1275 words on Bugs
Recently Dan Wood came up wit the idea of ‘Bug Report Friday’ for Apple bugs. The idea is to file bug reports with Apple and then share them on the web, so other people can join in. I’m filing bugs more or less regularly anyway, so this isn’t a big deal. However – with Apple’s bug database remaining as obscure as it used to be – I’m not quite sure this will help a lot. Why should Apple start considering a certain problem more important just because a handful of people wrote about it? But on the other hand, doing this won’t hurt. So I’ll try to go along, list my favourite bug of the week and live in the faint and vain hope that this’ll make a difference. Even if it doesn’t, perhaps seeing bug reports all over the web can give us a better idea of how to write an efficient bug report and which problems are really tickling people.
Before I start, let me ask a question: What’s the best way to file feature requests for the bug reporter itself? I didn’t find a way to do that. And sadly, with their updates in the past years, Apple first removed the feature that the report field came pre-filled with their bug template, which you now have to open in a popup window, and recently they stopped sending you e-mails in case they have further questions and just colour the bug requiring your attention in the list of your filed bugs. I consider both of these to be inconvenient and making bug reporting and timely answers to questions more difficult than they need be – than they used to be, in fact.
And let me digress further. As we’re supposed to point to our favourite bugs this way, I’ll use the opportunity to point out a few of my old reports the problems of which are still around.
All right, I think these are my favourites. And with all the frustration brought to us by Apple’s bug reporter in terms of lack of responsiveness, let me note that for some of the really bad bugs – i.e. system crashes – they were usually very quick to gather additional information and those crashes went away within a few updates, which is probably to be considered reasonably quickly considering the monstrous sizes of OS X and Apple. So the bug reporter is slightly better than the giant trash can that it sometimes seems to be.
But now to my bug of the week. Actually I filed it Thursday… but it was already Friday in India at the time, so I hope that counts. It’s once more a bug in Mail and one that keeps irritating me. Not only because I run into it frequently but also because it really looks like an unnecessary glitch where all the basics to make it work properly are in place already.

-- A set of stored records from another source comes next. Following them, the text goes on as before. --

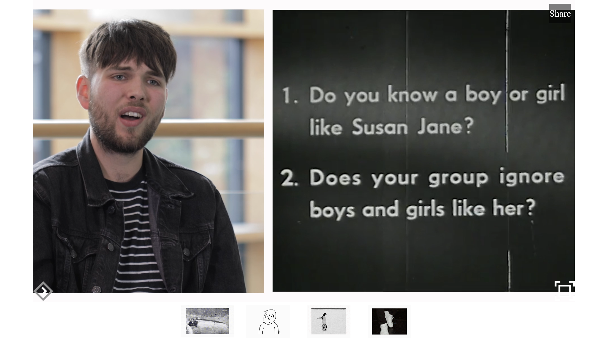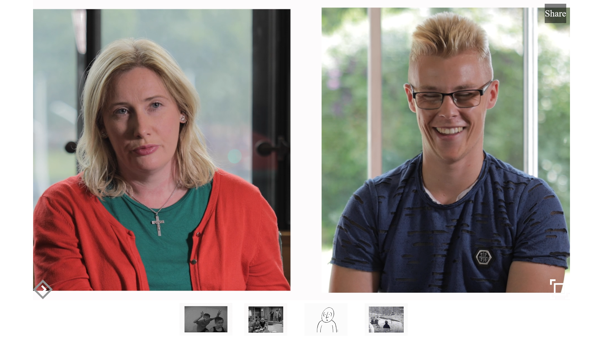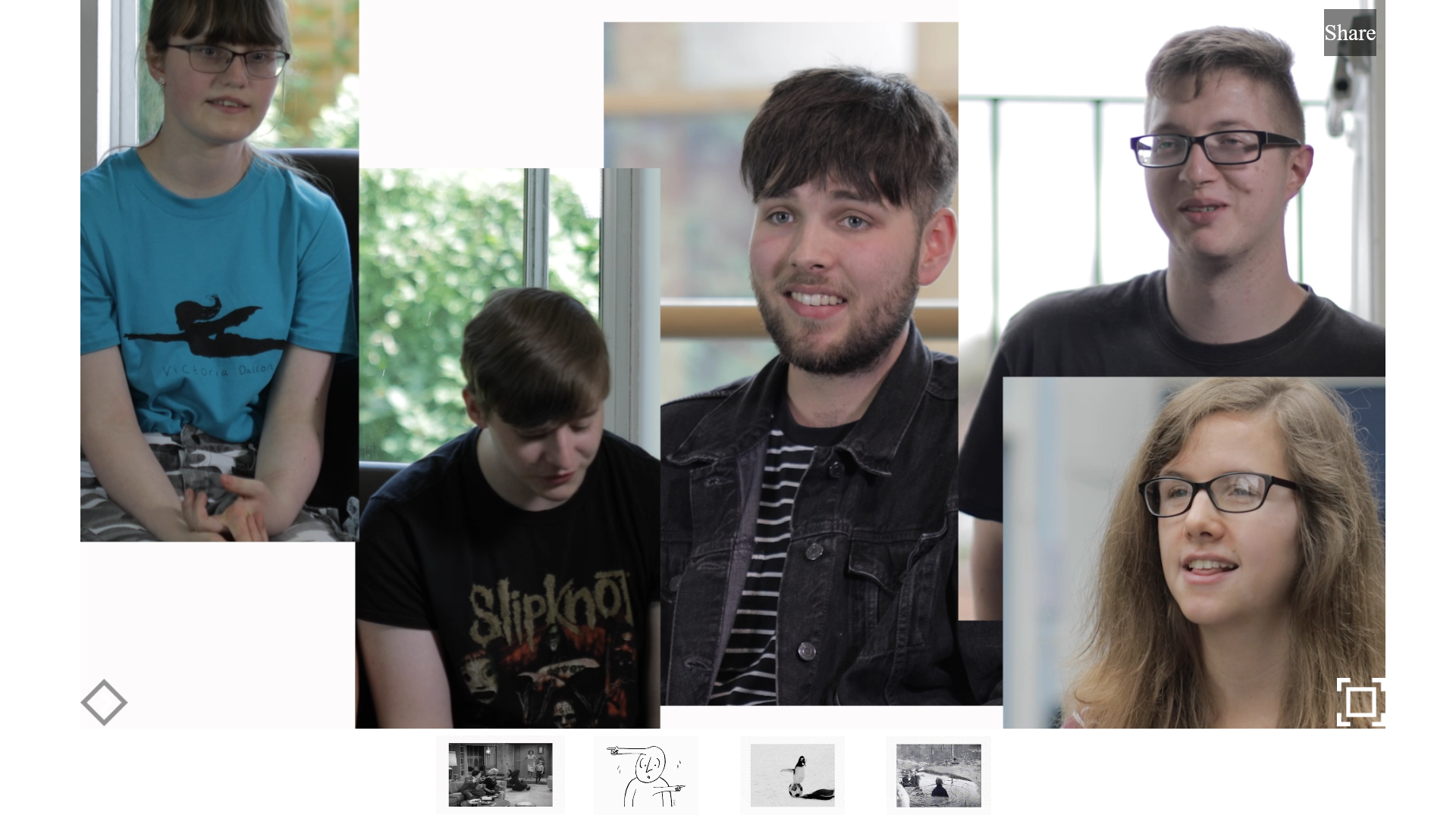 Don't Call Me Clumsy features about 70 minutes of polyvocal interviews, with scenes ranging in length from 1.5 to 5 minutes. Like a video game, viewers control the time it takes to navigate through the story arc. They might slip through its nonlinear maze and solve the mystery disorder quickly, or the reveal may take longer, depending on the order they select scenes. But even when the mystery is solved, unwatched scenes will still be available to view for those whose interest is piqued. Others preferring an abridged version can skip to a new scene at any point, making the one they’re on disappear from the menu. Of course, nothing is ever gone for good… when one returns to the site, they can choose to continue where they left off or reset the entire iDoc.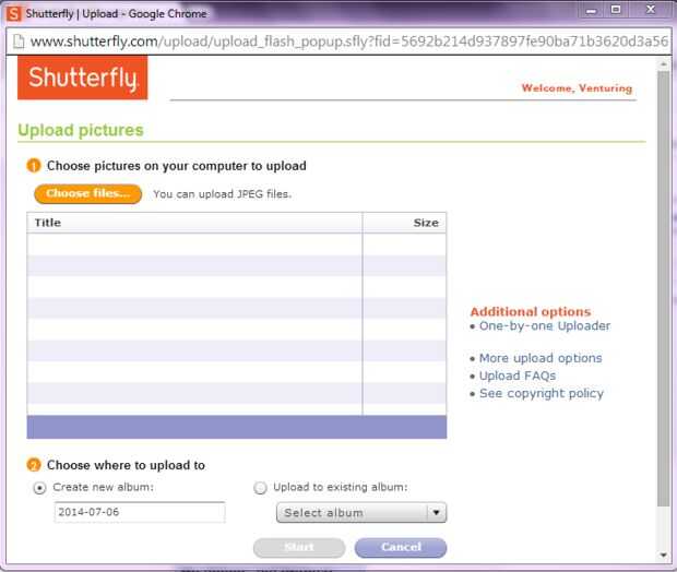 2. crear y nuevo álbum y el nombre o añadir las fotos a un álbum existente usando el menú desplegable.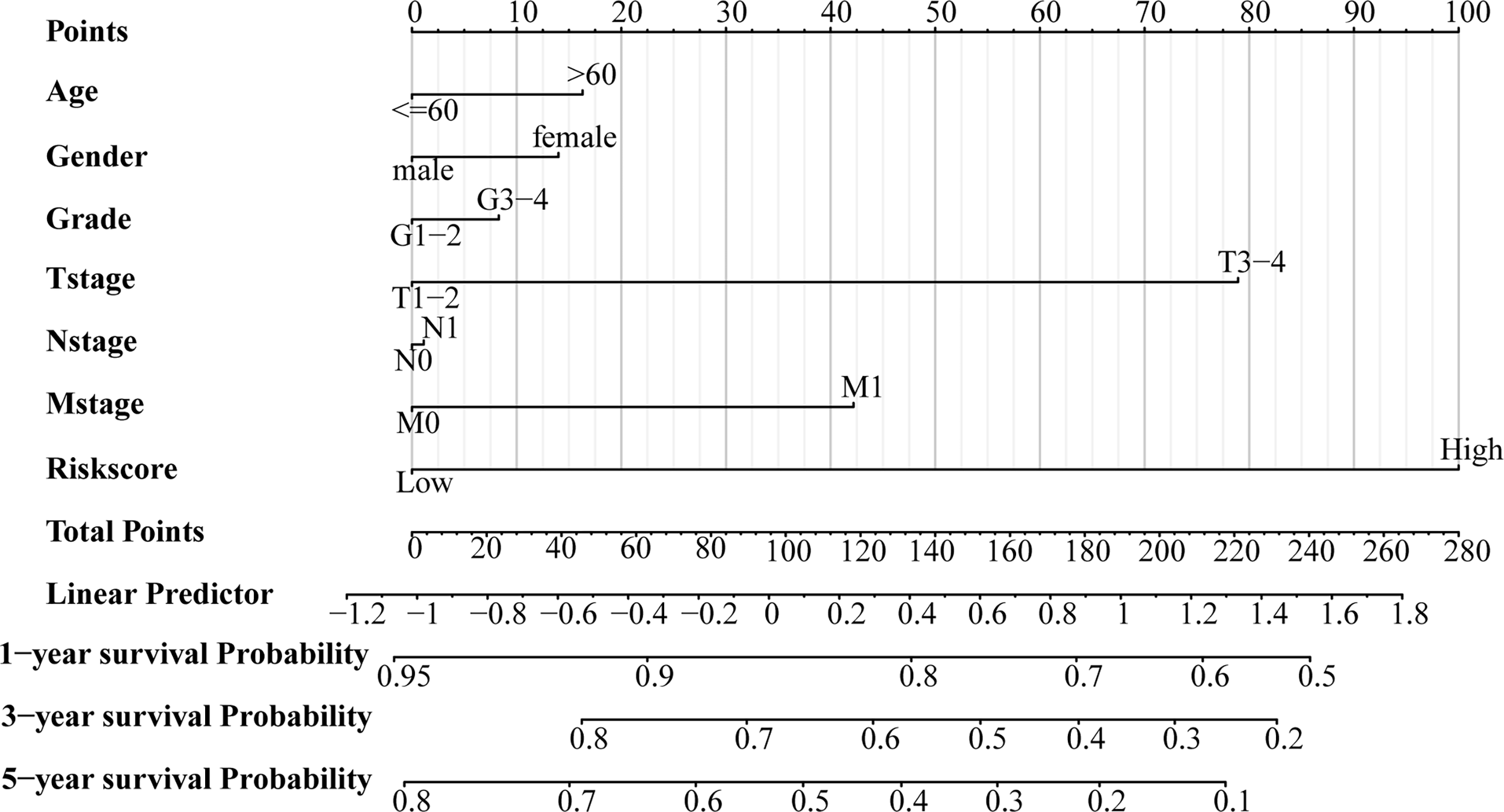 A prognostic nomogram for the overall survival of patients with LIHC.

I filed it as ‘Other Bug’ which perhaps sounds more trivial than it is. But as probably very few people only get to see it and no data is destroyed, labelling it ‘Serious’ would’ve been overdoing it in my opinion. To see the problem you need to be able to sign messages, i.e. have your own certificate in your keychain. Mail will then display the buttons that let you sign or encrypt a message. And when you’re creating a new message the button for encryption will only be enabled if you have public keys for every recipient (in the most basic cases this works quite well and is quite clever about letting you CC encryped messages to people who can’t decrypt them, but once you start editing the fields, this gets wonky as well… but I don’t really care and it’s not my point here).
So the basic idea about this is that the encryption icon will be disabled if you can’t possibly encrypt the message. Which makes a lot of sense. Unfortunately, if you reply to a message rather than create a new one manually, the encryption icon will always be enabled. As I keep losing track of whose certificates I have, I keep clicking on the encryption icon for people who haven’t sent me a certificate. And then I’ll get an annoying error message. Grr.
When replying to a message, Mail will _always_ display the active encryption icon, even when there is no public key available for the recipient. Clicking the icon will give you an error message, pointing out the missing public key.
In comparison, when creating a _new_ message, the encryption button will be inactive unless public keys for all recipients are available.
0. Make sure you have a private key /certificate in the keychain for your Mail account.
1. Select a message you received from a person for whom you don’t have a public key.
2. Reply to that message
-> The encryption button is active.
The encryption button is inactive as there is no public key against which to encrypt. I.e. the same behaviour as when creating new messages.